A la moitié de l’année 2019, il roulait en France un peu plus de 100.000 véhicules alimentés au superéthanol. Si plus de 30.000 étaient des exemplaires flexfuel d’origine – principalement, des Dacia, Renault et Ford -, plus de 70.000 avaient été convertis grâce à un boîtier de seconde monte. Pour 2019, la filière s’attend à 40.000 nouvelles installations. Une opération qui bénéficie parfois d’aides de collectivités locales.

+ ceux qui roulent sans boîtier

Dans ces 100.000 véhicules recensés en France capables de rouler à l’éthanol, ne sont pas comptabilisés ceux qui circulent avec une proportion plus ou moins grande d’E85, sans pose d’un boîtier spécifique. Ce sont tout aussi bien des modèles équipés d’un moteur essence à carburateur, injection directe, ou injection indirecte.
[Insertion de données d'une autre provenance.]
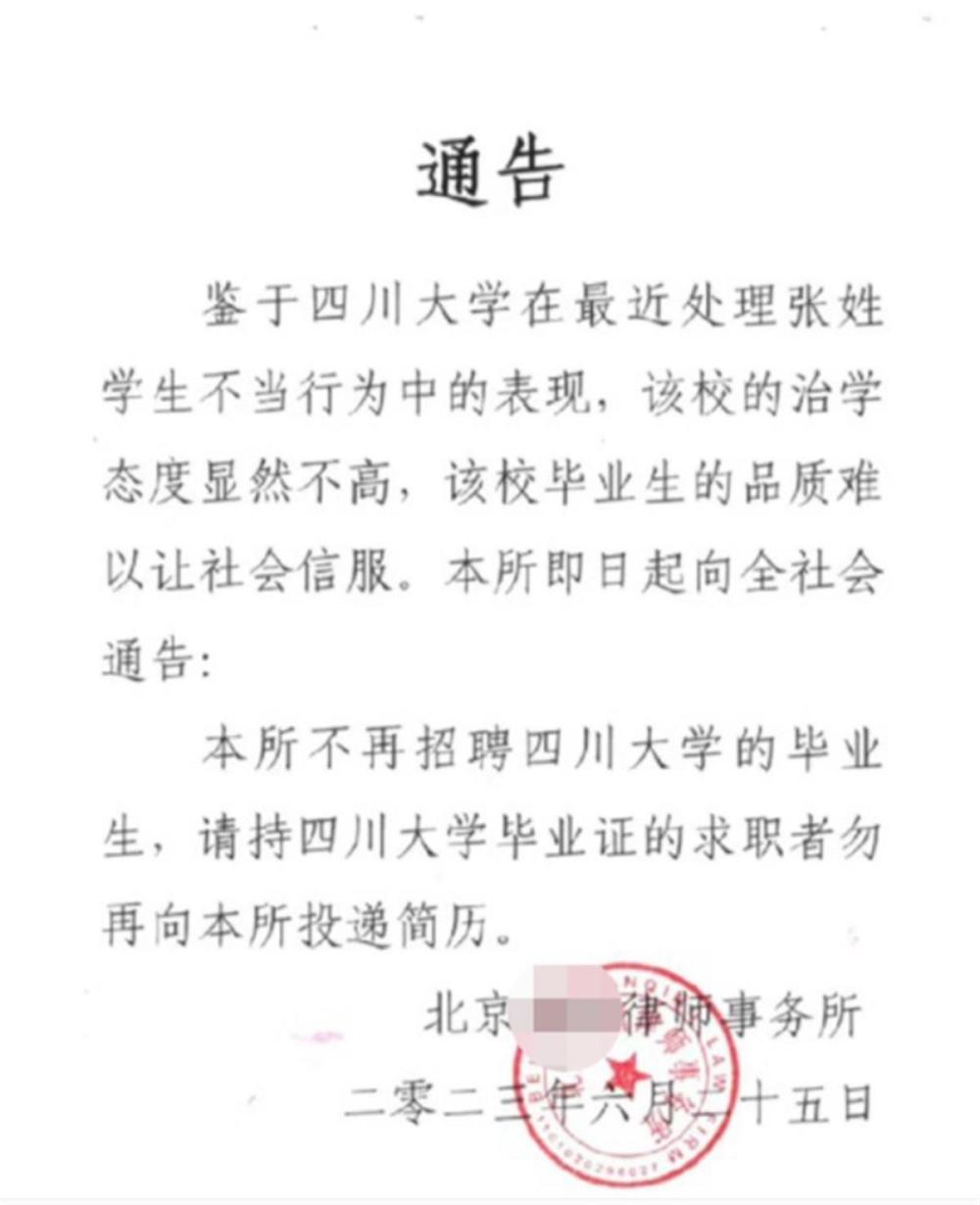 该律所的通告称,“鉴于四川大学在最近处理张姓学生不当行为中的表现,该校的治学态度显然不高,该校毕业生的品质难以让社会信服。本所即日起向全社会通告:本所不再招聘四川大学的毕业生,请持四川大学毕业证的求职者勿再向本所投递简历。”

Internet offre une tribune à nombre d’automobilistes qui ont décidé de franchir ainsi le pas. Le plus souvent, ce sont des utilisateurs de véhicules déjà fortement kilométrés et âgés, avec lesquels il est question de rouler à l’économie, tout en réduisant les fumées, polluants et odeurs à l’échappement.

Nombre d’entre eux témoignent rouler au superéthanol sans boîtier depuis plusieurs années, et sans gros problèmes particuliers. Ils ont commencé par un mélange à 10% d’E85 avec du SP95, puis 20%, 50%… et jusqu’à 100% pour certains. Des proportions révisables selon la saison.

Boîtier ou pas ?

La raison d’être d’un boîtier flexfuel est de permettre de conserver le bon rendement du moteur grâce à un mélange air-carburant adapté (voir notre article spécifique sur le sujet). Ainsi, un bloc essence est conçu pour fonctionner avec un produit dans une proportion d’1 gramme de SP95 + 14,7 g d’air. Avec du superéthanol, l’apport d’air doit redescendre à 9 g.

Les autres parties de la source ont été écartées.